**Task prompt**. Give the listing again in full and exactly, apart from its pictures.
________________________________________
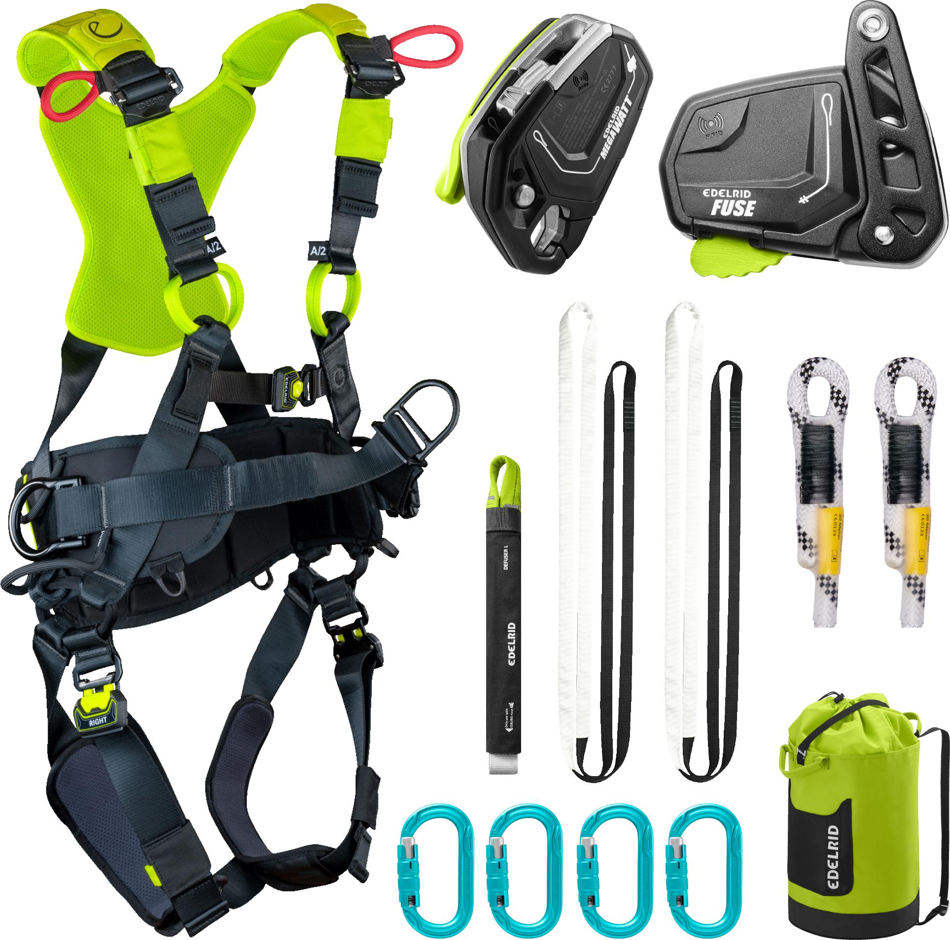 Valmis kaikenlaiset kattojyrkkyydet kattava putoamissuojainpakkaus tehokkaaseen työskentelyyn putoamisvaarallisissa olosuhteissa. Sisältää Edelridin kaksi suosituinta tuotetta: Fuse köysitarraimen sekä Megawatt laskeutumislaitteen. Suunniteltu täyttämään esimerkiksi pellittäjien, kattoasentajien, aurinkopaneeliasentajien, nuohoojien jne. kokonaisvaltaiset toiveet ja tarpeet turvallisesta ja helposta toimimisesta katoilla. Soveltuu myös muihin kattotöihin, lumenpudottamiseen ym. korkeanpaikantyöskentelyyn. Lisäsertifioitu 140 kg käyttäjille asti.
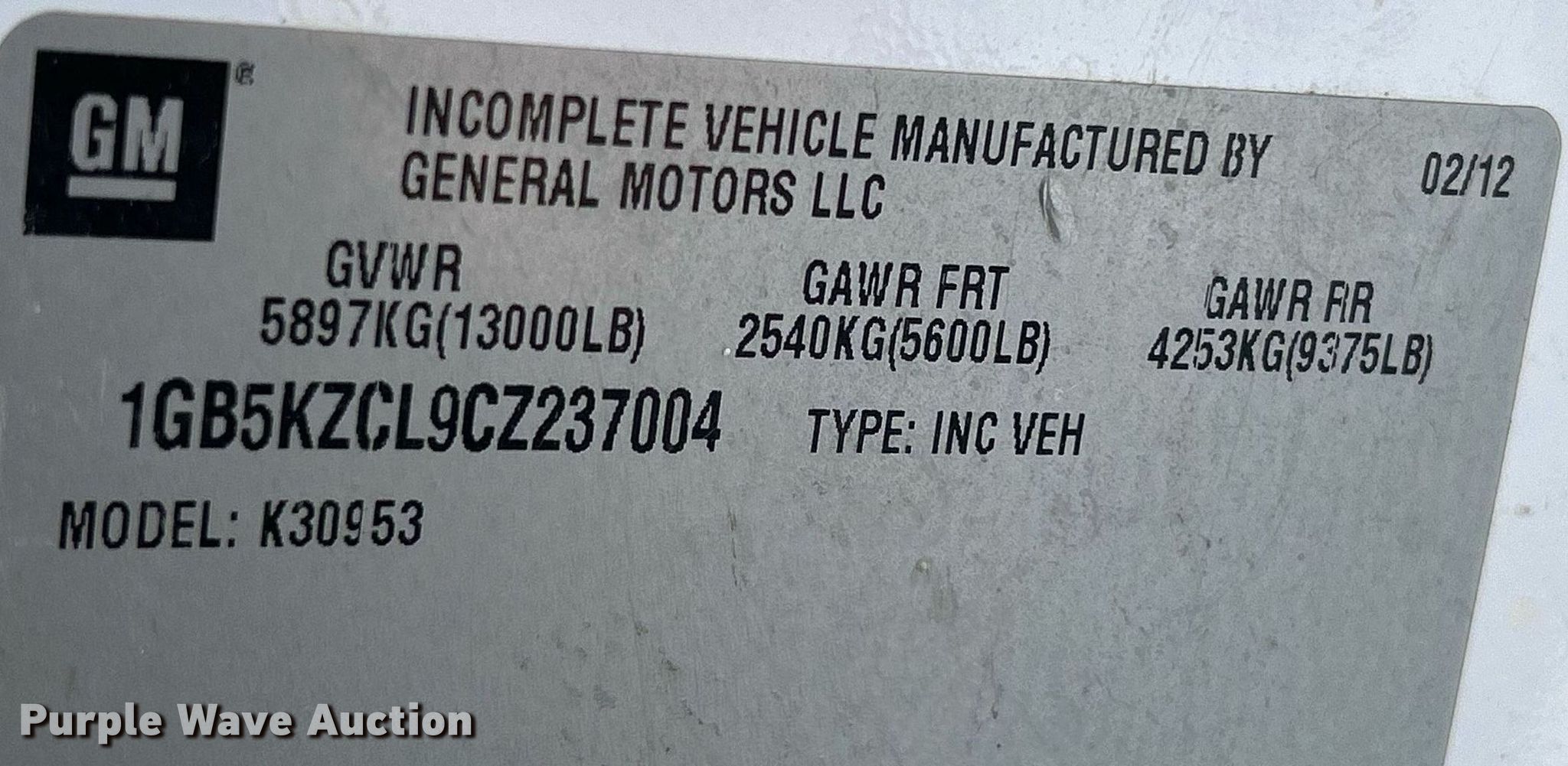 - VIN: 1GB5KZCL9CZ237004
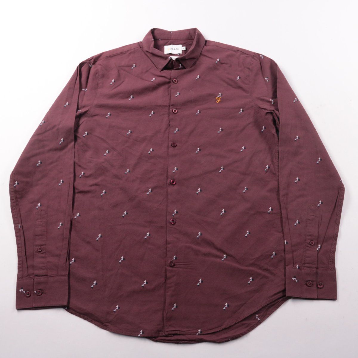 Мужская рубашка Farah Slim Fit бордового цвета с мелким принтом и вышитым логотипом на груди. Подойдёт для повседневных образов и офиса в сочетании с джинсами или брюками. Натуральный хлопок хорошо дышит и комфортен в носке.
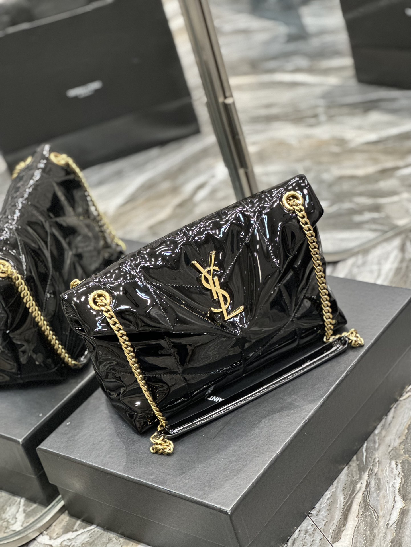생로랑 모노그램 PUFFER 샤이니 레더 숄더백 블랙 골드
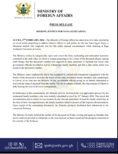 The Ministry of Foreign Affairs has dismissed as false and misleading claims circulating on social media regarding Ghana’s efforts to seek justice for the late Nana Agyei Ahyia, a Ghanaian student who died under unusual circumstances while studying at Riga Technical University in Latvia.
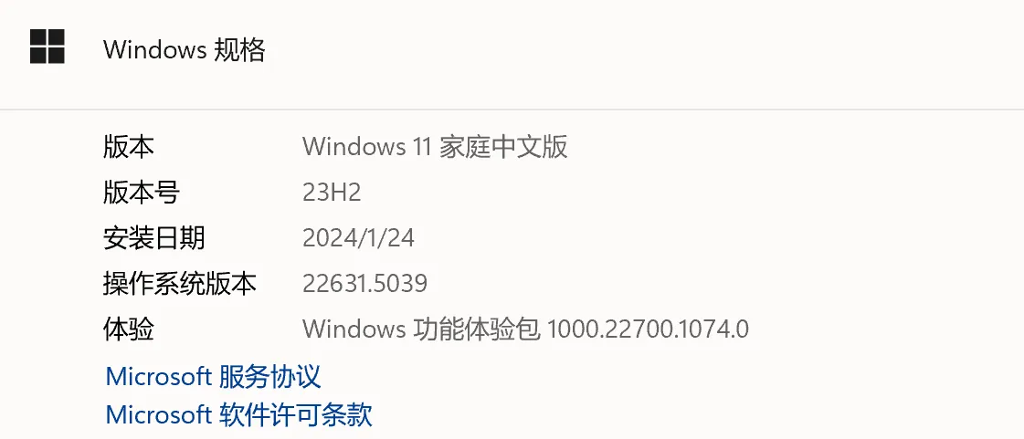 打开 设置 -> 系统 -> 系统信息 -> Windows 规格
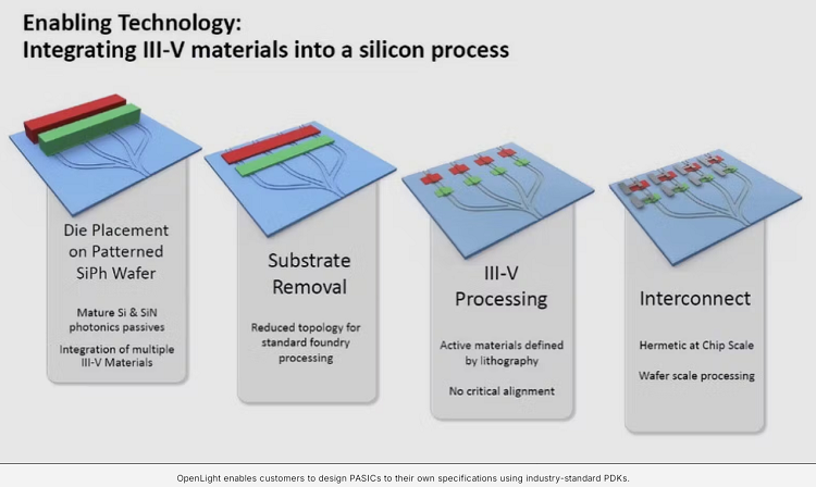 基于磷化銦與硅光子的異構(gòu)集成技術(shù),OpenLight的制程設(shè)計套件(PDK)為客戶提供了涵蓋集成激光器、調(diào)制器、放大器和探測器在內(nèi)的無源及有源元件庫。該P(yáng)DK已在主要光子代工廠之一的Tower Semiconductor得到驗證,確保設(shè)計從第一天起即可投入生產(chǎn),從而幫助客戶利用成熟模塊創(chuàng)建定制光子專用集成電路(PASIC),簡化先進(jìn)芯片開發(fā)流程并加快產(chǎn)品上市時間。
________________________________________
**Response box**.
 Valmis kaikenlaiset kattojyrkkyydet kattava putoamissuojainpakkaus tehokkaaseen työskentelyyn putoamisvaarallisissa olosuhteissa. Sisältää Edelridin kaksi suosituinta tuotetta: Fuse köysitarraimen sekä Megawatt laskeutumislaitteen. Suunniteltu täyttämään esimerkiksi pellittäjien, kattoasentajien, aurinkopaneeliasentajien, nuohoojien jne. kokonaisvaltaiset toiveet ja tarpeet turvallisesta ja helposta toimimisesta katoilla. Soveltuu myös muihin kattotöihin, lumenpudottamiseen ym. korkeanpaikantyöskentelyyn. Lisäsertifioitu 140 kg käyttäjille asti.
 - VIN: 1GB5KZCL9CZ237004
 Мужская рубашка Farah Slim Fit бордового цвета с мелким принтом и вышитым логотипом на груди. Подойдёт для повседневных образов и офиса в сочетании с джинсами или брюками. Натуральный хлопок хорошо дышит и комфортен в носке.
생로랑 모노그램 PUFFER 샤이니 레더 숄더백 블랙 골드
 The Ministry of Foreign Affairs has dismissed as false and misleading claims circulating on social media regarding Ghana’s efforts to seek justice for the late Nana Agyei Ahyia, a Ghanaian student who died under unusual circumstances while studying at Riga Technical University in Latvia.
 打开 设置 -> 系统 -> 系统信息 -> Windows 规格
 基于磷化銦與硅光子的異構(gòu)集成技術(shù),OpenLight的制程設(shè)計套件(PDK)為客戶提供了涵蓋集成激光器、調(diào)制器、放大器和探測器在內(nèi)的無源及有源元件庫。該P(yáng)DK已在主要光子代工廠之一的Tower Semiconductor得到驗證,確保設(shè)計從第一天起即可投入生產(chǎn),從而幫助客戶利用成熟模塊創(chuàng)建定制光子專用集成電路(PASIC),簡化先進(jìn)芯片開發(fā)流程并加快產(chǎn)品上市時間。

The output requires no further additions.